Collected data
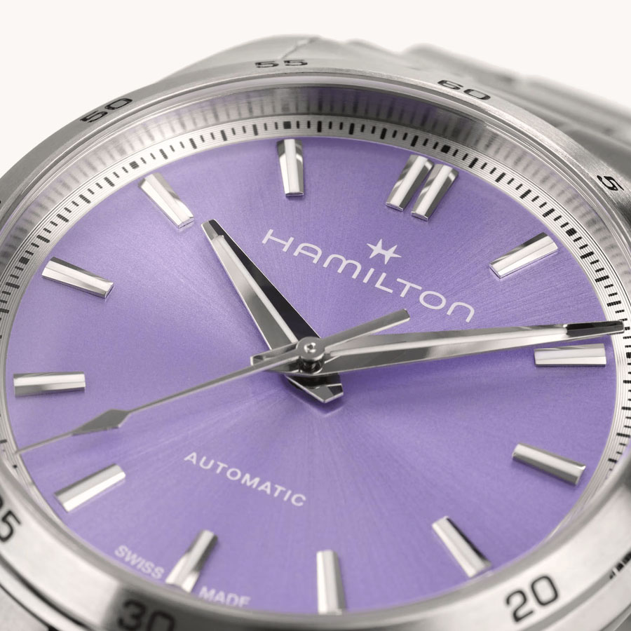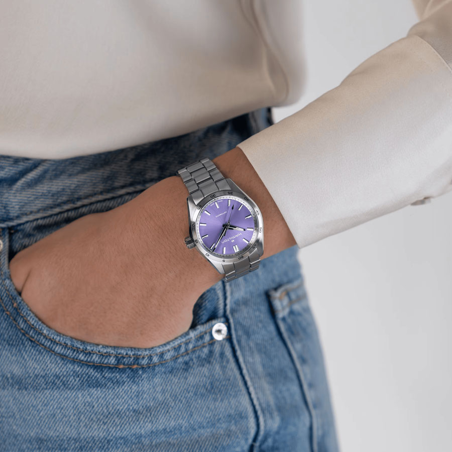 La línea Jazzmaster Performer, diseñada para quienes disfrutan de la funcionalidad y el estilo a partes iguales, ofrece una poderosa estética deportiva y refinada. El Jazzmaster Performer Automatic, impulsado por el movimiento automático H-10 con una reserva de marcha de 80 horas, presenta una caja de acero inoxidable de 34 mm realzada por una moderna esfera lavanda, índices niquelados y un refinado brazalete de acero inoxidable.
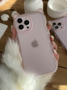 قاب موبایل آیفون دم روباهی پروانه گل سرخ + بندست پشمی
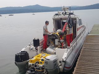 Per tutta la giornata i soccorritori, Polizia Locale, Vigili del Fuoco e sommozzatori, hanno perlustrato le rive del lago e scandagliato con un eco-sonar il fondo fino a quando è stata intercettata una sagoma anomala che potrebbe riferirsi ad un corpo. Nella giornata di domani i sommozzatori si immergeranno nel punto esatto, profondo oltre 40 metri, per verificare l'origine di quella traccia.
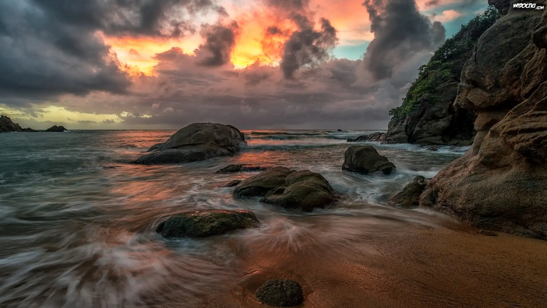 Zdjęcia, Morze, Skały, Kamienie, Zachód słońca
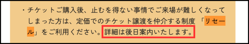 チケット応募詳細の欄に、リセールを開催すると明記されていました。
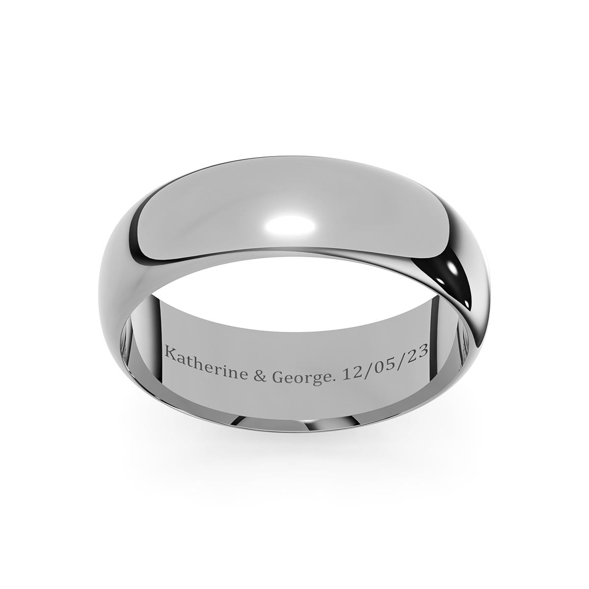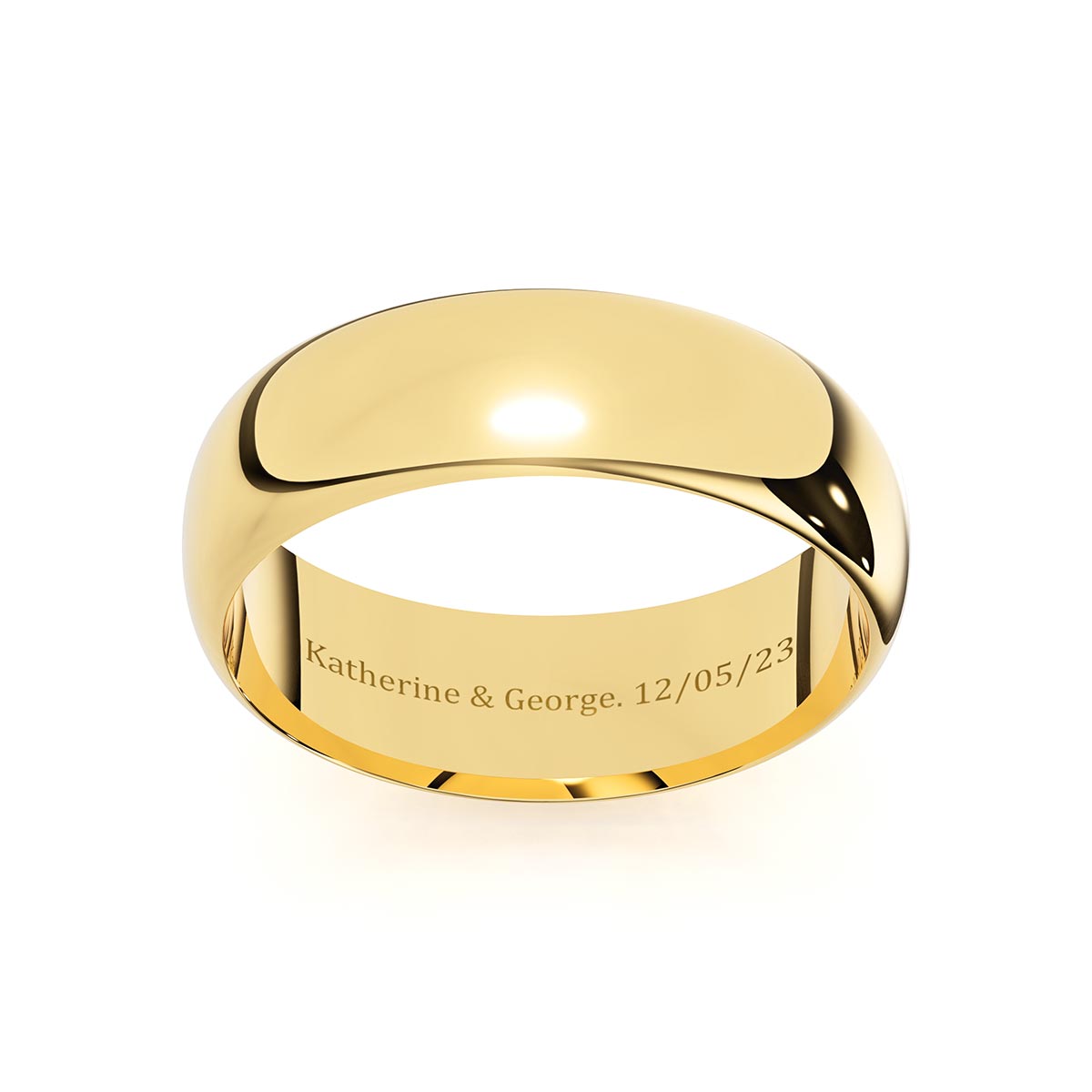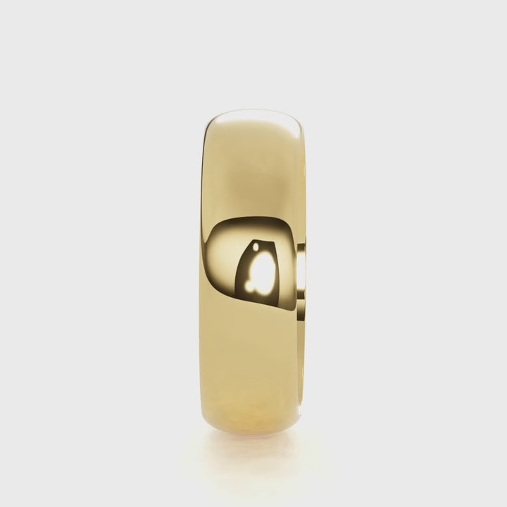 Introducing our Dome Comfort Fit 6mm Classic Wedding Band, a timeless symbol of love and commitment. Crafted with utmost care, this band offers a luxurious comfort fit, ensuring a comfortable feel on your finger. Its curved domed profile adds an elegant touch, while the choice between solid gold or platinum allows you to express your unique style. To make it even more special, personalize your band with a heartfelt engraving inside! With its exceptional craftsmanship and personalization options, this wedding band is the perfect embodiment of enduring love and cherished memories.

### Exercise directions
Leave the images aside and transcribe all entries exactly.

### Final answer
 La línea Jazzmaster Performer, diseñada para quienes disfrutan de la funcionalidad y el estilo a partes iguales, ofrece una poderosa estética deportiva y refinada. El Jazzmaster Performer Automatic, impulsado por el movimiento automático H-10 con una reserva de marcha de 80 horas, presenta una caja de acero inoxidable de 34 mm realzada por una moderna esfera lavanda, índices niquelados y un refinado brazalete de acero inoxidable.
 قاب موبایل آیفون دم روباهی پروانه گل سرخ + بندست پشمی
 Per tutta la giornata i soccorritori, Polizia Locale, Vigili del Fuoco e sommozzatori, hanno perlustrato le rive del lago e scandagliato con un eco-sonar il fondo fino a quando è stata intercettata una sagoma anomala che potrebbe riferirsi ad un corpo. Nella giornata di domani i sommozzatori si immergeranno nel punto esatto, profondo oltre 40 metri, per verificare l'origine di quella traccia.
 Zdjęcia, Morze, Skały, Kamienie, Zachód słońca
 チケット応募詳細の欄に、リセールを開催すると明記されていました。
 Introducing our Dome Comfort Fit 6mm Classic Wedding Band, a timeless symbol of love and commitment. Crafted with utmost care, this band offers a luxurious comfort fit, ensuring a comfortable feel on your finger. Its curved domed profile adds an elegant touch, while the choice between solid gold or platinum allows you to express your unique style. To make it even more special, personalize your band with a heartfelt engraving inside! With its exceptional craftsmanship and personalization options, this wedding band is the perfect embodiment of enduring love and cherished memories.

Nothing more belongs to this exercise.